South Africa’s economy is set to turn the corner soon, with inflation, interest rates, and fuel prices all heading in the right direction.

The BankservAfrica Economic Transactions Index (BETI), which measures the value of all electronic transactions cleared through BankservAfrica at seasonally adjusted real prices, showed a slight uptick in August 2024.

Increased confidence, fueled by interest rate cut expectations and improving consumer inflation, could boost economic activity, especially in the last few months of 2024.

“The BETI reached an index level of 137 in August compared to 136.9 in July and remained at its highest since March 2022,” said Shergeran Naidoo, BankservAfrica’s Head of Stakeholder Engagements.
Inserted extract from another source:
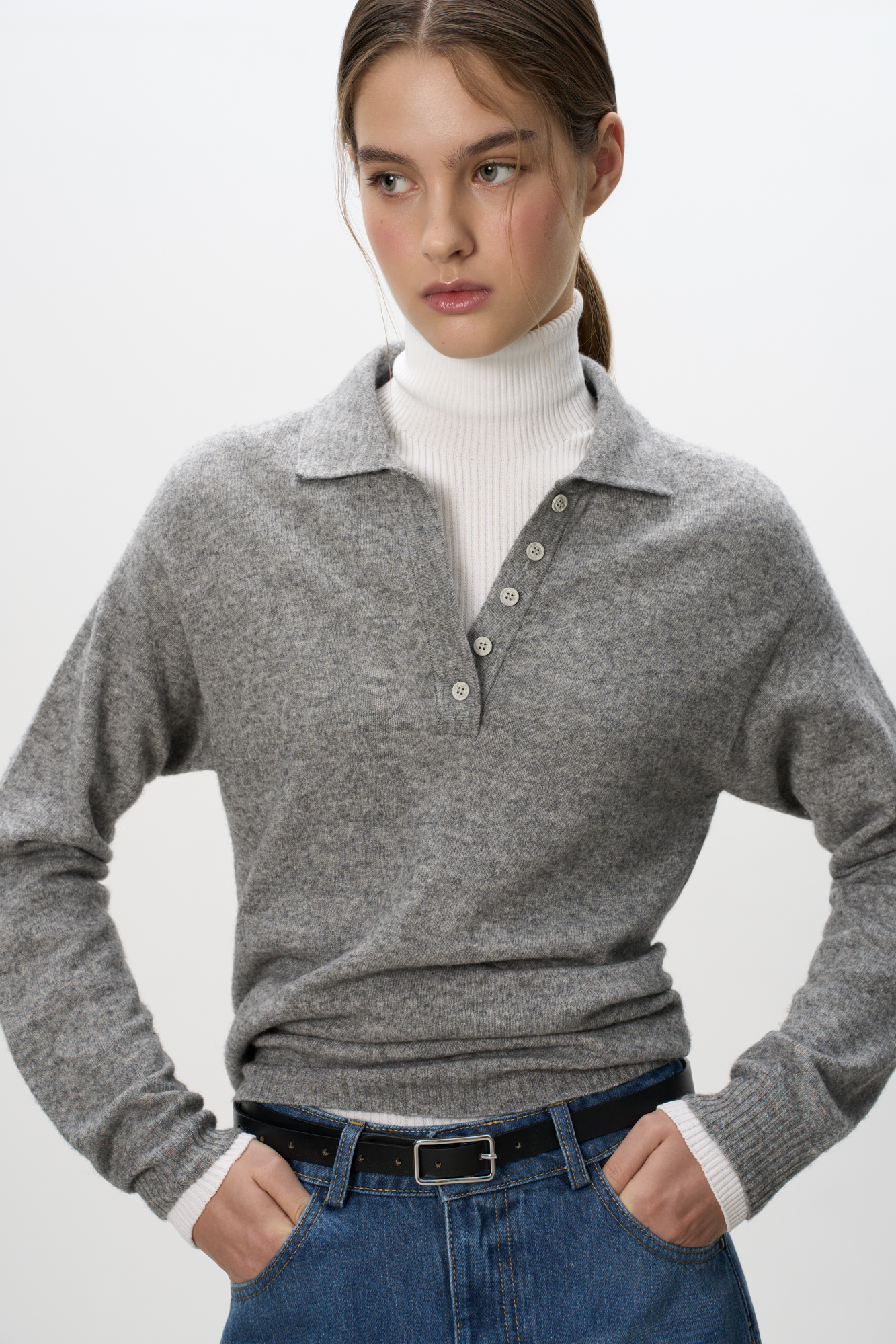 Джемпер из кашемира и шерсти с воротником поло
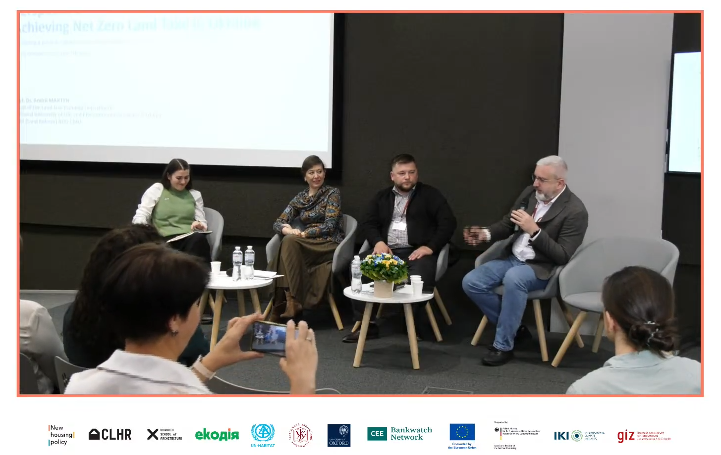 Професор Андрій МАРТИН сфокусував увагу на економічних інструментах, що дозволяють поєднати швидкість і якість відбудови з охороною земель. Йшлося про механізми запобігання додатковому вилученню земель під забудову, про фінансові та регуляторні важелі, які стимулюють ущільнення і реновацію замість розростання територій, а також про моделі ціноутворення, що враховують екологічні витрати. Запропоновані підходи формують практичну основу для досягнення цілі «нульового додаткового вилучення земель», знижують тиск на агроландшафти та відкривають шлях до збалансованого просторового розвитку громад.

The monthly change was also very modest, with it shifting sideways by 0.1%

“The BETI is essentially treading water but consolidating what seems to be a stronger performance in Q3,” said Elize Kruger, an Independent Economist.

Although the recent economic data have been slightly mixed and quite volatile, the underlying positive sentiment is seen in the economy and is starting to feature in confidence-related surveys.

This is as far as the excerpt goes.